A homoeoid or homeoid is a shell (a bounded region) bounded by two concentric, similar ellipses (in 2D) or ellipsoids (in 3D).
When the thickness of the shell becomes negligible, it is called a thin homoeoid. The name homoeoid was coined by Lord Kelvin and Peter Tait. Closely related is the focaloid, a shell between concentric, confocal ellipses or ellipsoids.

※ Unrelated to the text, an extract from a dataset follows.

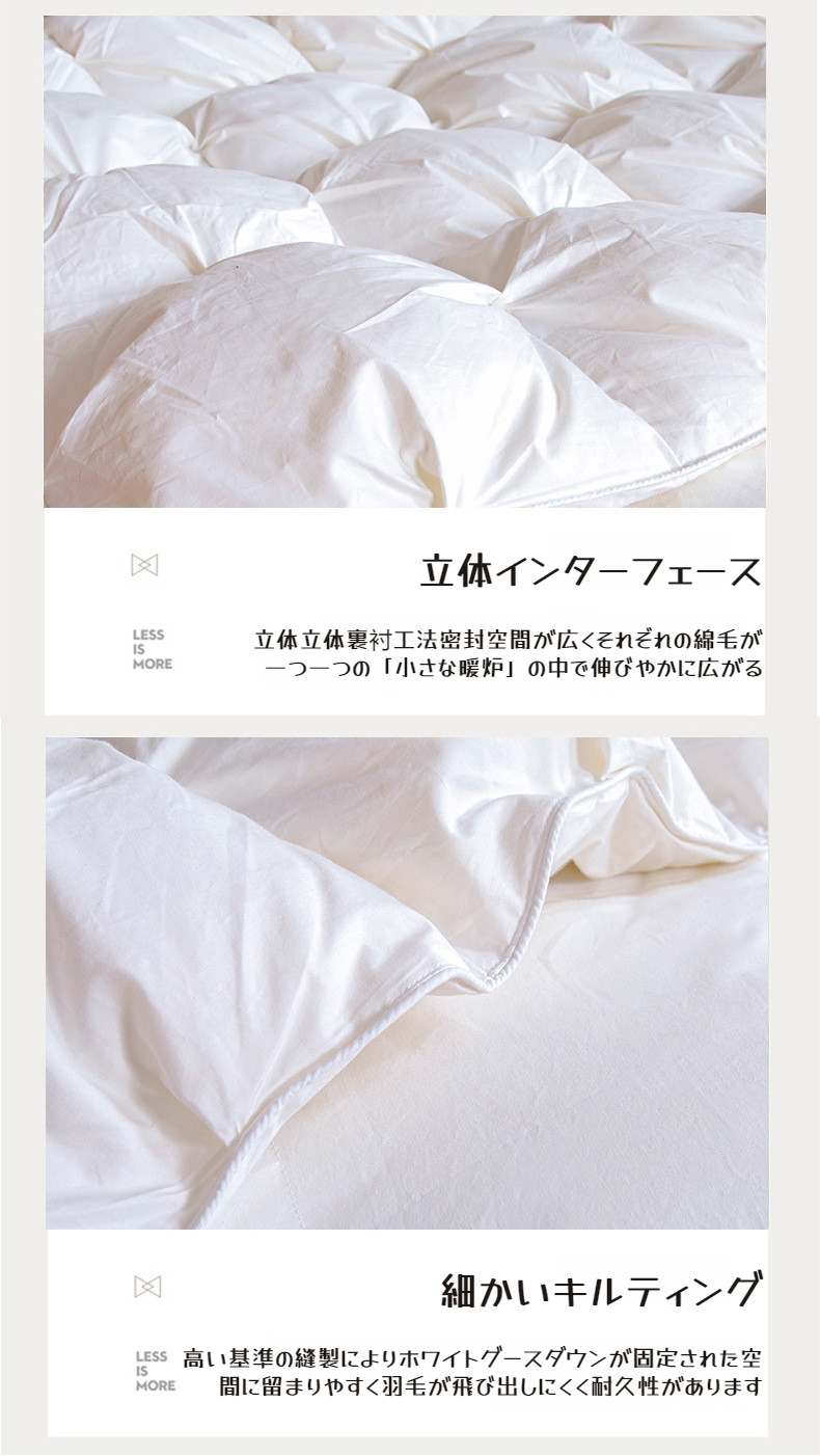 立体保温設計の羽毛布団断面図

==Mathematical definition==
If the outer shell is given by
$\frac{x^2}{a^2} + \frac{y^2}{b^2} + \frac{z^2}{c^2} = 1$
with semiaxes $a,b,c$, the inner shell of a homoeoid is given for $0 \leq m \leq 1$ by
$\frac{x^2}{a^2} + \frac{y^2}{b^2} + \frac{z^2}{c^2} = m^2,\quad {\displaystyle {\frac{x^2}{a^2 + \lambda }}+{\frac{y^2}{b^2 + \lambda }}+{\frac{z^2}{c^2 + \lambda }}=1.}$
and a focaloid is defined for $\lambda \geq 0$ by
$\frac{x^2}{a^2 + \lambda} + \frac{y^2}{b^2 + \lambda} + \frac{z^2}{c^2 + \lambda} = 1.$

The thin homoeoid is then given by the limit $m \to 1$, and the thin focaloid is the limit $\lambda \to 0$.

==Physical properties==

Thin focaloids and homoeoids can be used as elements of an ellipsoidal matter or charge distribution that generalize the shell theorem for spherical shells. The gravitational or electromagnetic potential of a homoeoid homogeneously filled with matter or charge is constant inside the shell, so there is no force on a test particle inside of it. Meanwhile, two uniform, concentric focaloids with the same mass or charge exert the same potential on a test particle outside of both.